By Jane Wallace Baring Asset Management will roll out a retail UK corporate bond fund on 21 February...
By Jane Wallace
Baring Asset Management will roll out a retail UK corporate bond fund on 21 February and plans to launch an institutional US high-yield debt fund after the end of the tax year.
Baring Sterling Corporate Bond Trust will be managed by Jane Smettem, currently a member of Barings' bond team headed by Rory McLeod. She will be assisted by recently hired head of credit Marino Valensise and his team.
The offer period lasts for two weeks, during which there is a 1% discount off the initial charge of 5%. Commission for IFAs is 3% initial, there is no trail commission. The annual management fee is 1%, charged to capital.
The fund will be mainly invested in investment grade bonds and will offer a yield of 6%. Its investment objective is to beat the performance of the benchmark FTSE All Stocks 5-15 Years index by 1% per year.
Rob Page, global head of communications at Barings, said: "This fund aims to provide a high and stable level of income to investors. We are swimming against the tide as there is a plethora of high yield bond funds offering around 9% being launched or already in the market.

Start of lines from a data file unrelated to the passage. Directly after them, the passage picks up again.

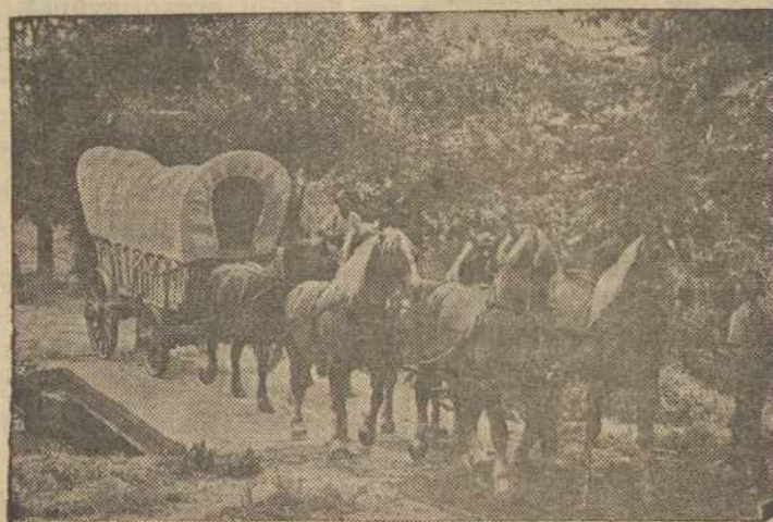
Taip kolonistai keliaudavo į ieškoti naujų dirvų, ir laimės iš rytų į vakarus.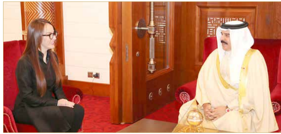
جلالة الملك مستقبلاً رئيسة الاتحاد البرلماني الدولي

العاهل: ماضون قدماً في نهج التطوير والتحديث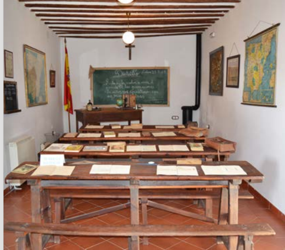
Museo Casa y Escuela Rural. Tielmes

En Tielmes se cuida y se protegen el ritmo y estilo de vida del pasado. Tienen una Casa Museo y Escuela Rural que nace con objeto de recuperar y mostrar la vida típica diaria de sus gentes. Otra muestra de la vida popular en Tielmes, son las casas-cueva tan frecuentes en el valle del Tajuña, excavadas en el Cerro de las Perdices, aprovechando la composición calcárea del terreno. Un tipo de viviendas que podemos conocer en el Museo casa-cueva de la localidad.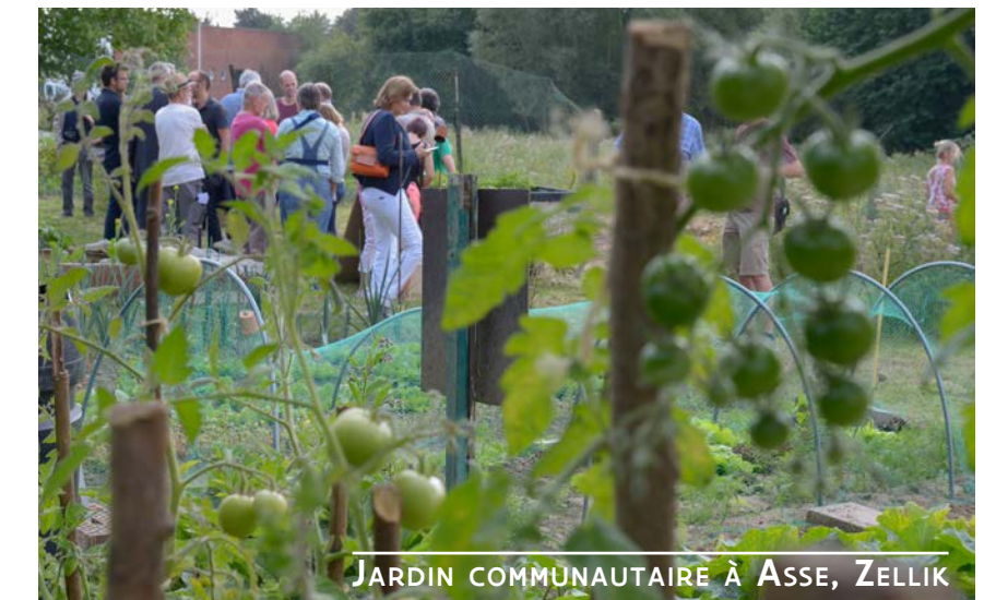
JARDIN COMMUNAUTAIRE À ASSE, ZELLIK

Depuis 2008, diverses initiatives ascendantes ont été stimulées et soutenues pour les objectifs de cohésion sociale, de participation et d'habitabilité dans les villages. L'Association flamande pour les Intérêts des villages, les Ateliers de village de Landelijke Gilden vzw et le projet Buurten op den Buiten, en collaboration avec la Fondation Roi Baudouin, en sont des exemples. En outre, depuis 2017, la Vlaamse Landmaatschappij organise le concours Dorpskracht. Une publication sur la politique villageoise offre aux administrations locales des moyens de se mettre au travail de manière concrète. Les idées et expériences issues des projets, complétées par les informations recueillies lors de 3 journées de dialogue en 2017, ont été intégrées dans un rapport consultatif sur la politique villageoise en Flandre. Elles pourront être développées lors de la prochaine législature et déboucher sur de nouvelles initiatives.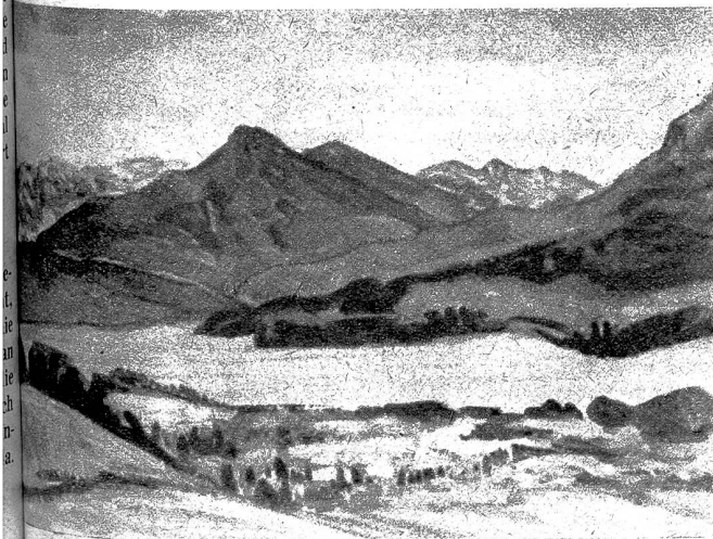
Am Vierwaldstättersee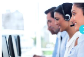
3. 通訳オペレーターに接続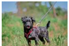
Chilli ist sehr zutraulich und verspielt.

Kleintiere: Die Kaninchen-Dame Harley (wird kast., 2021 geb.) und Harry (kast., 2018 geb.) wurden ausgesetzt und zum Glück schnell gefunden. Sie sind aufgeweckt und sehr neugierig, springen und toben gern. Sie wollen auf jeden Fall zusammenbleiben. Ihre neue Unterkunft sollte artgerecht gestaltet sein und ihnen den nötigen Platz zum Spielen bieten. bz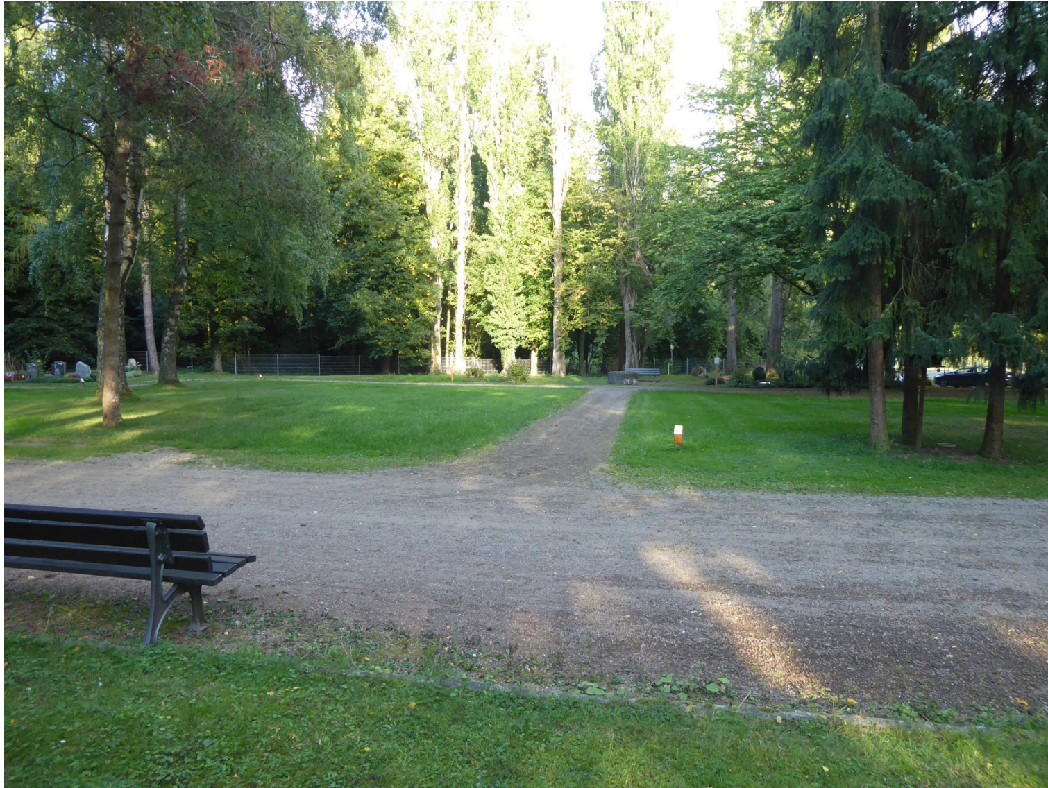
Friedhof Nirmer Straße Flur 11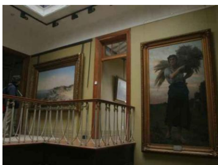
Palacio Pascual Baburizza en Valparaíso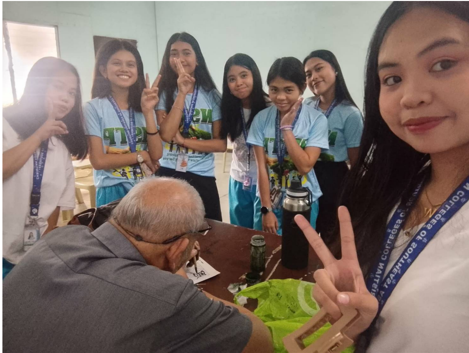
胡懷恩老師與學生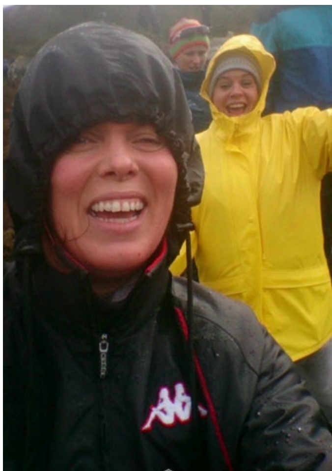
Store smil og godt humør er alltid med på tur med RP-foreningen!"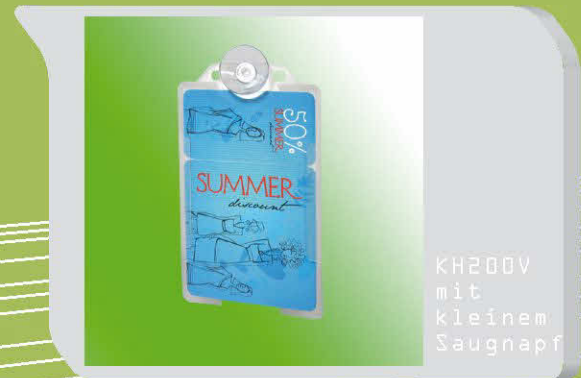
KH200V mit kleinem Saugnapf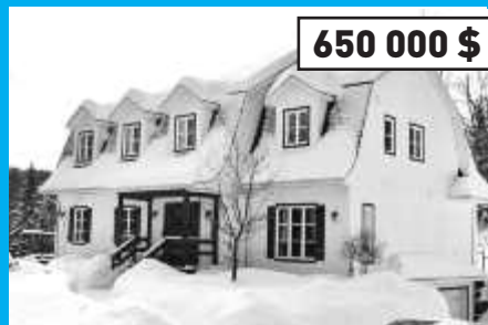
Ste-Anne-des-Lacs Construction récente sur un grand terrain paysager bordé par un ruisseau. Piscine creusée, possibilité d'intérogénération.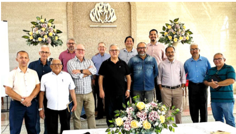
Secretários de Apoio Pastoral e pastores interessados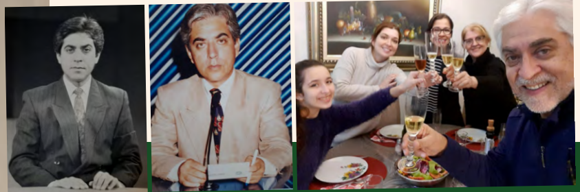
Salvador com a esposa, duas filhas e a neta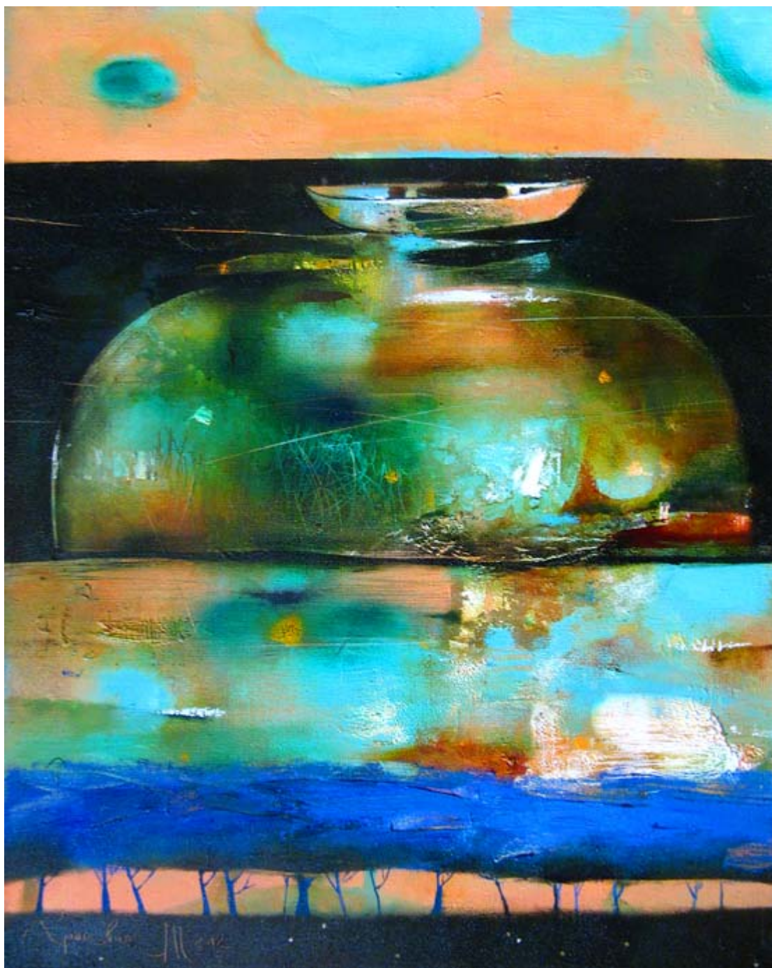
《愿望之河》塔提亚娜·格里涅维奇（白俄罗斯）作于2012年

"We believe there is a role for these funds as long as investors understand the risk involved, which can be significant as the default rate of sub-investment grade bonds in the US has recently gone up. We have chosen a more conservative route."
Even though the fund aims to be conservative, it can carry up to 25% in high yield or junk bonds and up to 20% in overseas paper. It can also invest in unrated bonds, provided that the fund manager believes them to be of investment grade quality.
By credit rating, the model portfolio is 24% invested in AAA-rated bonds, 19% in AA-rated bonds, 29% in A-rated, 18% in BBB, 4% in BB and 6% in B.
This means that 10% of the fund is invested in sub-investment grade (below BBB-rated) debt.
Examples of stocks in the model portfolio, which has some 40 holdings, include debt issued by Chester Asset Receivables Trust (AAA-rated), Asda (AA-rated), Vodafone (A-rated), and Hammerson (BBB-rated).
In terms of asset allocation, the model portfolio is quite diversified. The largest sector holdings are 18% in financials, 11% in utilities, 10% in media, 8% in transport, 7% in retail, 6% in industrials and 5% in telecoms.
In terms of debt other than corporate bonds, the portfolio is invested 13% in gilts, 8% in sovereign and supranational debt, and 3% in securitised paper.
The planned offshore US fund will complete the suite of corporate bond funds which Barings intends to create and for which Valensise was hired to mastermind the credit analysis side. As well as the new funds, the suite comprises Baring Euro-bond, an offshore fund launched last autumn.